Financial support under paragraph 302-200(1)(c) of the ITAA 1997 is satisfied if some level of financial support (not necessarily substantial) is being provided by one person (or each of them) to the other.
As stated, the Beneficiary provided financial support for the Deceased by purchasing furniture for their temporary place of residence.
As well as this, both the Deceased and the Beneficiary assisted each other with paying for household expenses during the relationship.
Therefore, the Beneficiary and the Deceased provided each other with financial support.
Consequently, paragraph 302-200(1)(c) of the ITAA 1997 has been satisfied.
Domestic support and personal care
The fourth requirement to be met is specified in paragraph 302-200(1)(d) of the ITAA 1997, which states that one or each of these two persons provides the other with domestic support and personal care. In discussing the meaning of domestic support and personal care, paragraph 2.16 of the SEM states:
(a) Domestic support and personal care will commonly be of a frequent and ongoing nature. For example, domestic support services will consist of attending to the household shopping, cleaning, laundry, and like services. Personal care services may commonly consist of assistance with mobility, personal hygiene and generally ensuring the physical and emotional comfort of a person.
From the facts presented, the Beneficiary and the Deceased provided each other with significant assistance with domestic support and personal care.
In addition, the Beneficiary and the Deceased provided each other with significant emotional support and comfort.

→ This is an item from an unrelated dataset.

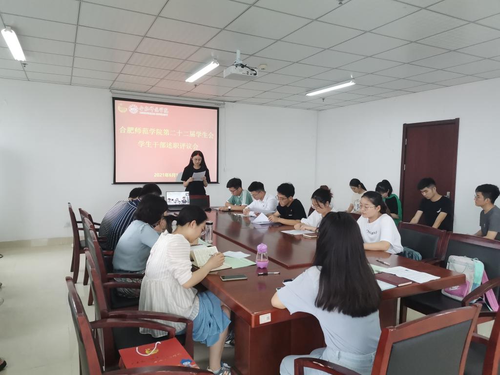 本网讯 为落实《beat365中文官方网站学生会改革实施方案》《关于开展beat365中文官方网站2020-2021学年学生会干部述职评议工作的通知》,推动学生会改革不断深入。6月16日中午,校团委在锦绣校区行知楼810和滨湖校区唯实楼203同步召开2020-2021学年校学生会学生干部述职评议会。学生工作部副部长刘艳,校团委副书记刁文彬,校学生会秘书长魏晓倩、校团委钟树旺参加席会议,各院15名普通学生代表参与考核。

Therefore, the requirement in paragraph 302-200(1)(d) of the ITAA 1997 has been satisfied.
Conclusion
As all of the requirements in section 302-200 of the ITAA 1997 have been satisfied, the Deceased and Beneficiary were in an interdependency relationship in the period just before the Deceased's death.
As the Beneficiary was in an interdependency relationship with the Deceased, the Beneficiary is a death benefits dependant as defined under section 302-195 of the ITAA 1997.